Похоже, можно не продолжать, ведь наверняка многие — по крайней мере люди среднего возраста и постарше, едва взглянув на этот перечень и на фотографии, сразу поняли, о ком идет речь, и невольно перенеслись мыслями в относительно далекие теперь уже 50—60-е годы. Тогда в кино еще водились кумиры. Лицо и весь облик Олега Стриженова, созданные им на экране образы — такие неотъемлемые, такие знакомые, узнаваемые приметы времени!
Об удивительном актере редкого обаяния заговорили после первой же его кинороли, на фильмы с его участием ходили бессчетное число раз, юноши носили модную стрижку «а-ля Олег Стриженов», мальчики, надеясь понравиться своим девочкам, слегка кривили нижнюю губу (как он!), а девочки благоговейно хранили в пеналах, в карманах школьных блузок его фотографии... Он был кумир.
Григорий Наумович Чухрай, режиссер замечательного фильма «Сорок первый», вспоминает совместную работу с актером, размышляет о судьбе этой яркой индивидуальности.

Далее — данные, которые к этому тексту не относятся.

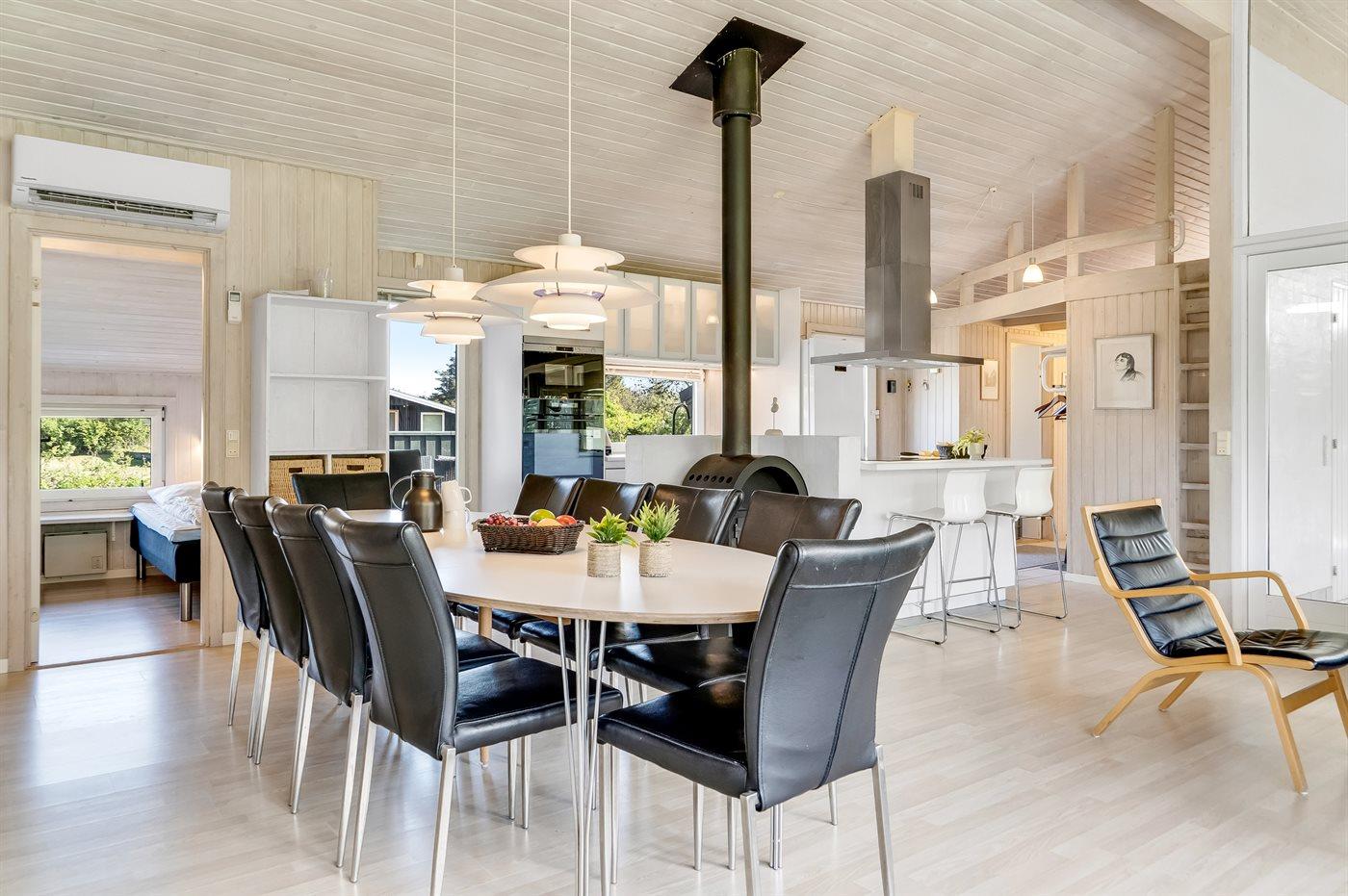 Das Ferienhaus eignet sich für 10 Personen sowie 1 Kleinkind bis zu 3 Jahren. Die Ferienunterkunft hat eine Wohnfläche von 170 m² und wurde 1992 gebaut. 2016 wurde die Ferienunterkunft teilweise renoviert. Es ist erlaubt 2 Haustiere mitzubringen. Die Ferienunterkunft ist mit energiesparender Wärmepumpe ausgestattet. Fußbodenheizung in allen Klinkerböden. Die Ferienunterkunft ist mit Waschmaschine ausgestattet. Wäschetrockner. Tiefkühlmöglichkeit mit 97 Liter Nutzinhalt. Es gibt außerdem einen Kaminofen. Für die jüngsten Feriengäste ist 1 Kinderhochstuhl vorhanden.

— Впервые я увидел его лет тридцать пять назад на сцене Таллиннского русского драматического театра и сразу запомнил. Недавний выпускник театрального училища имени Б. В. Щукина, он прелестно играл там Гришу Незнамова в «Без вины виноватых». Я служил тогда на Киевской студии ассистентом режиссера, в обязанности которого, кроме прочего, входило разъезжать по городам и весям и присматривать талантливую молодежь. Когда пришло время подбирать исполнителей в мой первый самостоятельный фильм, я пробовал многих актеров, и некоторые кинопробы вполне удовлетворяли тогдашнего директора «Мосфильма» Ивана Александровича Пырьева. Он готов был утвердить их, но они не устраивали меня, Дни бежали, старшие товарищи сердились, говорили, я не знаю, чего хочу, а я знал. Я ждал Стриженова, который почему-то не отвечал на вызов, кажется, был занят на съемках. Между тем наша группа посмотрела фильм «Мексиканец», после чего все заявили: «Нет, это не Говоруха-Отрок!» И действительно, в черном парике мексиканца Олег производил впечатление актера друтого амплуа. Да и глаза у него были совсем не голубые, а это важная и необходимая драматургическая деталь. К счастью, наш оператор Сергей Урусевский, прекрасный мастер, сказал: «Будут голубые глаза, и даже синие!»
Не помню уже, как Олег пришел, как мы разговаривали, зато хорошо помню свое впечатление, когда посмотрел его вместе с Изольдой Извицкой кинопробы. Первая мысль была: «Фильм у меня в кармане». Я страшно обрадовался и как-то сразу поверил в удачу, да и коллеги мои уже не представляли себе в главных ролях никого иного.
В сущности, тут нам с Олегом обоюдно повезло. Ведь роль Говорухи-Отрока на редкость хорошо пристала к его актерским возможностям, будто он родился для нее. Я видел, что и ему роль нравилась, он был невероятно хорош в ней, раскован, свободен, глубоко понимал социальную суть образа, его трагичность. Он играл «голубую кровь». Вообще играть «породу» чрезвычайно трудно, а по нынешним временам — порой и вовсе невозможно. В большинстве сцен нашего фильма поручик предстает без мундира, почти в лохмотьях, моментами он выглядит комично, иногда вызывает жалость и сострадание. И при всем при том врожденное благородство должно было присутствовать и чувствоваться в его облике и поведении ежеминутно. Задача невероятной сложности. Стриженов справился с ней очень легко. Думаю, еще и оттого, что в нем велико чувство самоуважения, а оно всегда связано с уважением к другим.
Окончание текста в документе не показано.